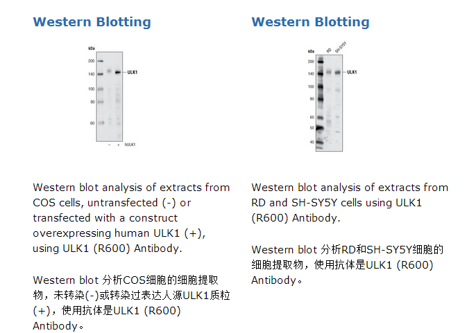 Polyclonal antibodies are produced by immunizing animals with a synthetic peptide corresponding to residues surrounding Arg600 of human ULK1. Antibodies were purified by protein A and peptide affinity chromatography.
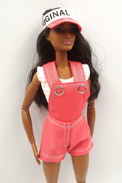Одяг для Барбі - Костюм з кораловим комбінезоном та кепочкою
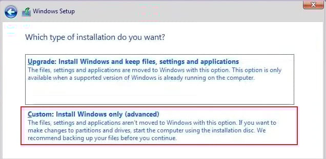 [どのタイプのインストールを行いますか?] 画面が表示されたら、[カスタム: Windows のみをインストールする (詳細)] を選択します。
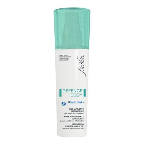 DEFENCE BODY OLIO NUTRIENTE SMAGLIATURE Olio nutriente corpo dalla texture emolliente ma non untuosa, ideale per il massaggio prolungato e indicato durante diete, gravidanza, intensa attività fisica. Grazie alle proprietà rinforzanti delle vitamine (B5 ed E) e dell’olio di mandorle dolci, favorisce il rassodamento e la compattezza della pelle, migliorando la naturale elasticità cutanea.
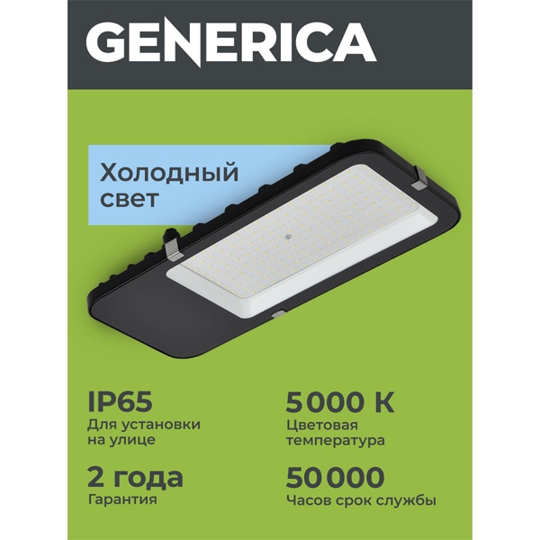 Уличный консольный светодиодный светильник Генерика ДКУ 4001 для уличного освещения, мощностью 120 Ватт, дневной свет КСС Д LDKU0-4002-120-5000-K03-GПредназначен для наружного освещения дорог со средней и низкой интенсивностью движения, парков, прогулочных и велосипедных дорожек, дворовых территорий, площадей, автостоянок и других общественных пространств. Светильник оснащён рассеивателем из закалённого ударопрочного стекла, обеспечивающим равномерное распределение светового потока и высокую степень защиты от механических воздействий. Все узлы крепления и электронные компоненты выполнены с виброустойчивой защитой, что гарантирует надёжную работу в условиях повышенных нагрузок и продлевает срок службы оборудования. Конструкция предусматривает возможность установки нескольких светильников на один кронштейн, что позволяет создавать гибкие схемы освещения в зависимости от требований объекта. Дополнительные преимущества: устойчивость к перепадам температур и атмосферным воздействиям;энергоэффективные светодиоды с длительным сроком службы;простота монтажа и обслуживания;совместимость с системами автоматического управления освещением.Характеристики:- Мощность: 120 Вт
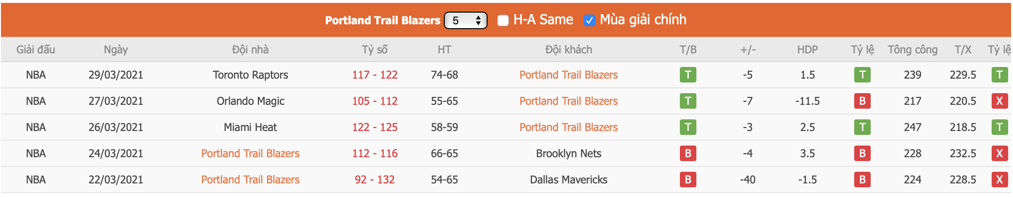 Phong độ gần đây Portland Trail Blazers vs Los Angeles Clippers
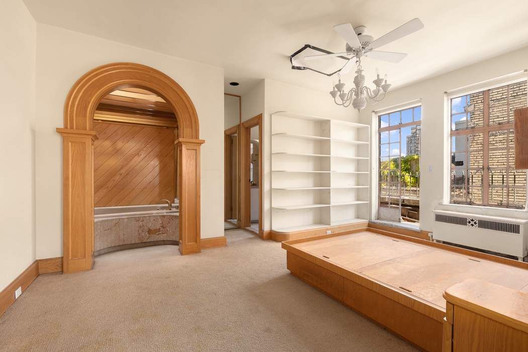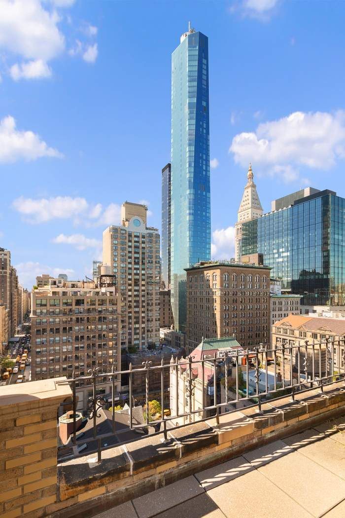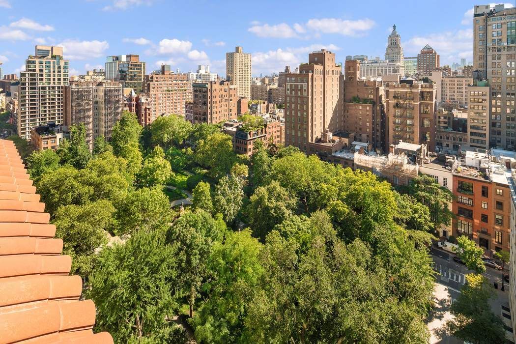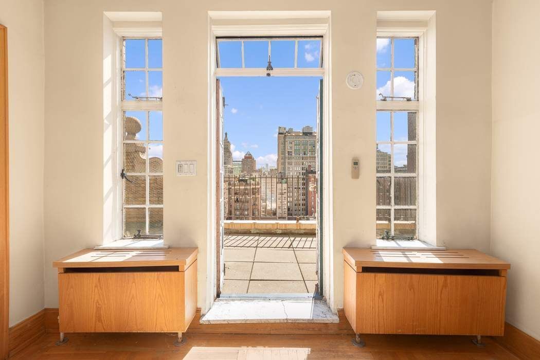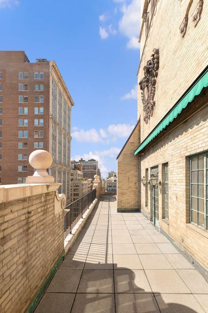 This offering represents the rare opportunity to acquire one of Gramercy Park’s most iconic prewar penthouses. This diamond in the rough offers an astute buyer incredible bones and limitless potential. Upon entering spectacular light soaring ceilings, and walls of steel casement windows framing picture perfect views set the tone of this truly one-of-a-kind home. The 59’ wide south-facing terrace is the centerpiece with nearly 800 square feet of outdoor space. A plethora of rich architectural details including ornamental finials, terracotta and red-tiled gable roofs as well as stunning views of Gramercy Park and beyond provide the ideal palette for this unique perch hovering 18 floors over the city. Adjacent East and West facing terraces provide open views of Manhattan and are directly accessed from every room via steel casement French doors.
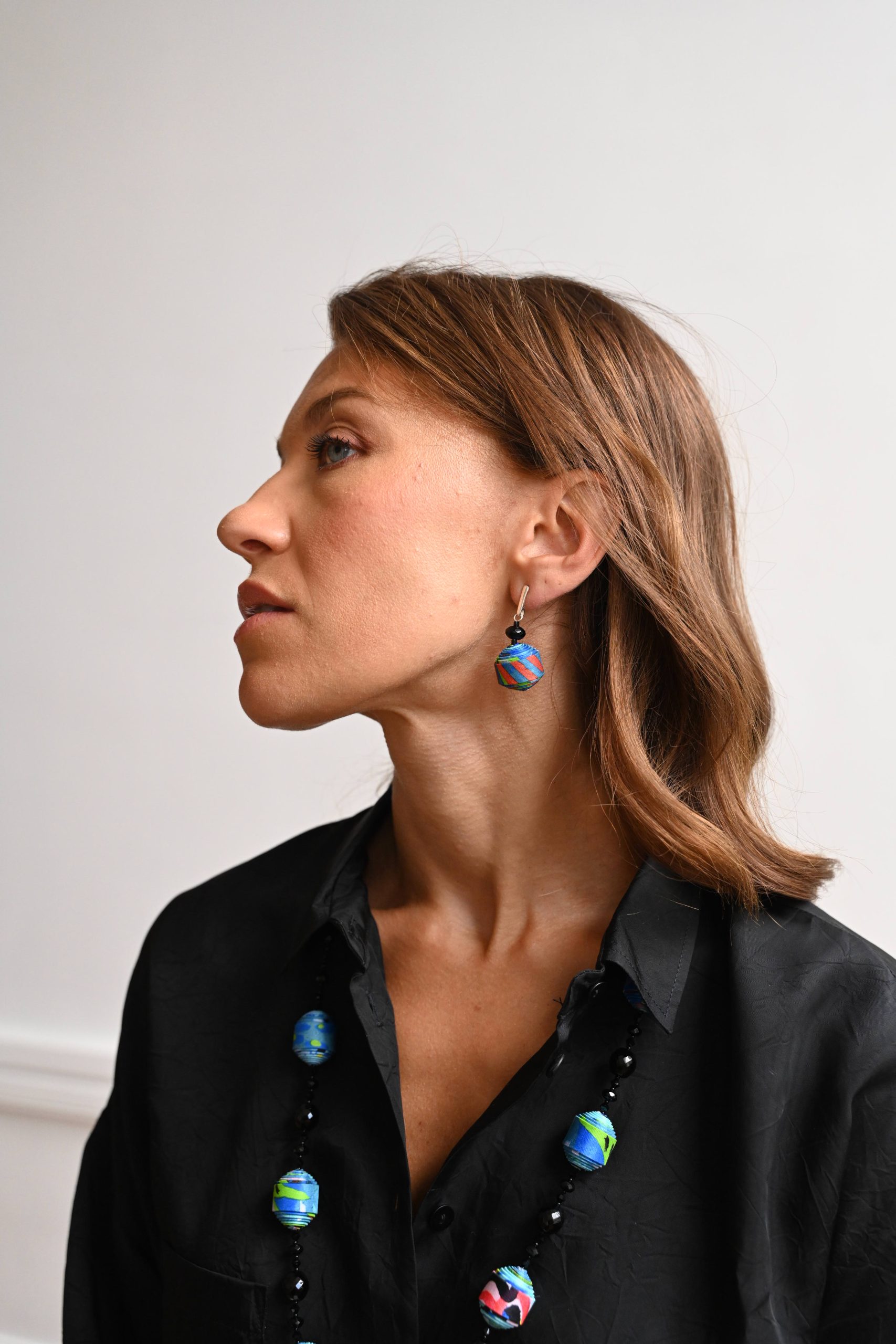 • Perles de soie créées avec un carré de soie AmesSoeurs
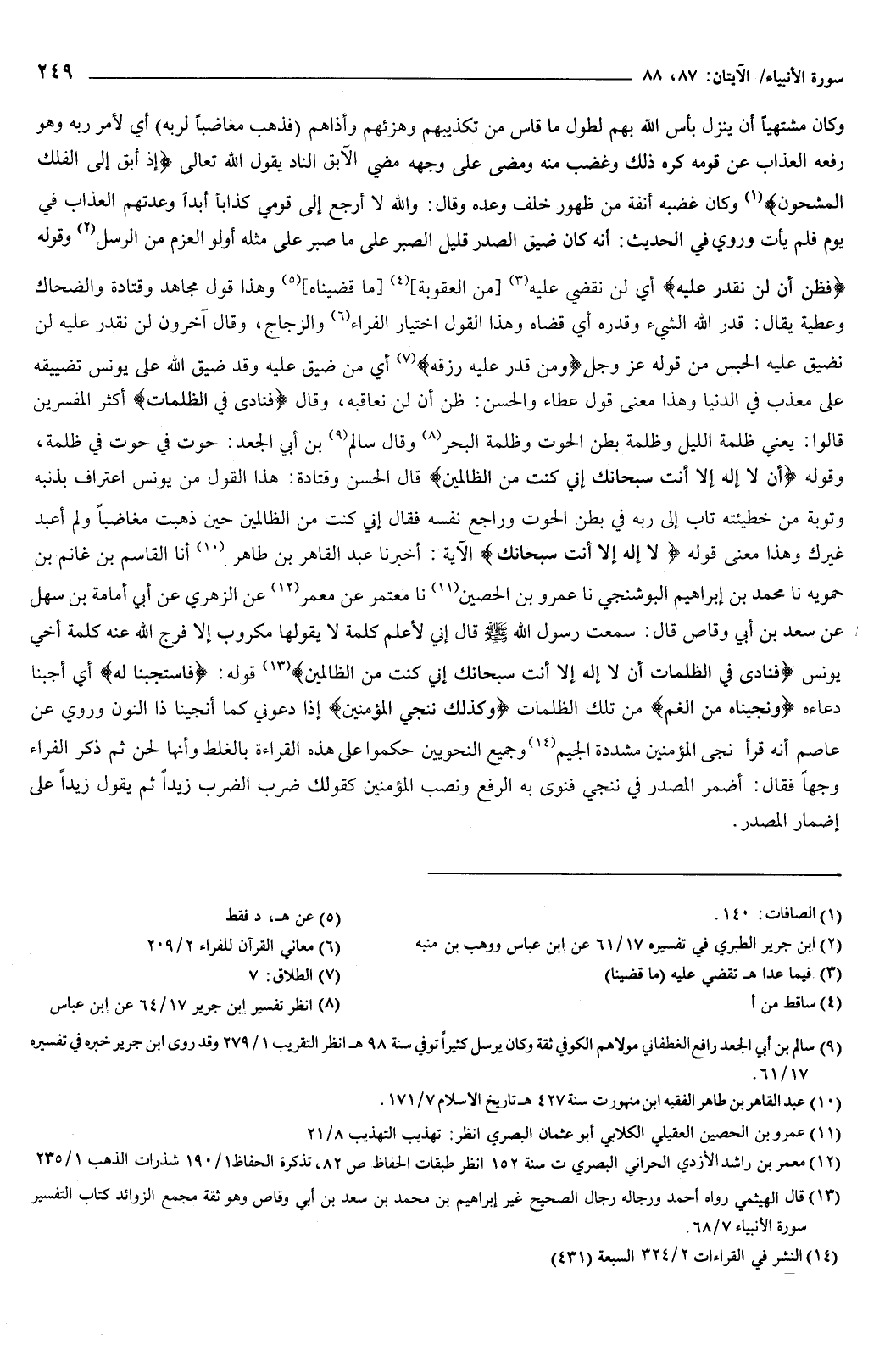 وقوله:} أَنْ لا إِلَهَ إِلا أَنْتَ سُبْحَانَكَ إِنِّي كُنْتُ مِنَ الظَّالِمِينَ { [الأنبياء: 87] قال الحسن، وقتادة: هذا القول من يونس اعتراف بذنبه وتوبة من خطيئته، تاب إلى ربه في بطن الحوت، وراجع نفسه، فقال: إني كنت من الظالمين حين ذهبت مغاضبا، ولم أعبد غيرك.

============

What you have to do. With the images excluded, output every record verbatim.

Answer box.
 Polyclonal antibodies are produced by immunizing animals with a synthetic peptide corresponding to residues surrounding Arg600 of human ULK1. Antibodies were purified by protein A and peptide affinity chromatography.
Одяг для Барбі - Костюм з кораловим комбінезоном та кепочкою
 [どのタイプのインストールを行いますか?] 画面が表示されたら、[カスタム: Windows のみをインストールする (詳細)] を選択します。
 DEFENCE BODY OLIO NUTRIENTE SMAGLIATURE Olio nutriente corpo dalla texture emolliente ma non untuosa, ideale per il massaggio prolungato e indicato durante diete, gravidanza, intensa attività fisica. Grazie alle proprietà rinforzanti delle vitamine (B5 ed E) e dell’olio di mandorle dolci, favorisce il rassodamento e la compattezza della pelle, migliorando la naturale elasticità cutanea.
 Уличный консольный светодиодный светильник Генерика ДКУ 4001 для уличного освещения, мощностью 120 Ватт, дневной свет КСС Д LDKU0-4002-120-5000-K03-GПредназначен для наружного освещения дорог со средней и низкой интенсивностью движения, парков, прогулочных и велосипедных дорожек, дворовых территорий, площадей, автостоянок и других общественных пространств. Светильник оснащён рассеивателем из закалённого ударопрочного стекла, обеспечивающим равномерное распределение светового потока и высокую степень защиты от механических воздействий. Все узлы крепления и электронные компоненты выполнены с виброустойчивой защитой, что гарантирует надёжную работу в условиях повышенных нагрузок и продлевает срок службы оборудования. Конструкция предусматривает возможность установки нескольких светильников на один кронштейн, что позволяет создавать гибкие схемы освещения в зависимости от требований объекта. Дополнительные преимущества: устойчивость к перепадам температур и атмосферным воздействиям;энергоэффективные светодиоды с длительным сроком службы;простота монтажа и обслуживания;совместимость с системами автоматического управления освещением.Характеристики:- Мощность: 120 Вт
 Phong độ gần đây Portland Trail Blazers vs Los Angeles Clippers
 This offering represents the rare opportunity to acquire one of Gramercy Park’s most iconic prewar penthouses. This diamond in the rough offers an astute buyer incredible bones and limitless potential. Upon entering spectacular light soaring ceilings, and walls of steel casement windows framing picture perfect views set the tone of this truly one-of-a-kind home. The 59’ wide south-facing terrace is the centerpiece with nearly 800 square feet of outdoor space. A plethora of rich architectural details including ornamental finials, terracotta and red-tiled gable roofs as well as stunning views of Gramercy Park and beyond provide the ideal palette for this unique perch hovering 18 floors over the city. Adjacent East and West facing terraces provide open views of Manhattan and are directly accessed from every room via steel casement French doors.
 • Perles de soie créées avec un carré de soie AmesSoeurs
 وقوله:} أَنْ لا إِلَهَ إِلا أَنْتَ سُبْحَانَكَ إِنِّي كُنْتُ مِنَ الظَّالِمِينَ { [الأنبياء: 87] قال الحسن، وقتادة: هذا القول من يونس اعتراف بذنبه وتوبة من خطيئته، تاب إلى ربه في بطن الحوت، وراجع نفسه، فقال: إني كنت من الظالمين حين ذهبت مغاضبا، ولم أعبد غيرك.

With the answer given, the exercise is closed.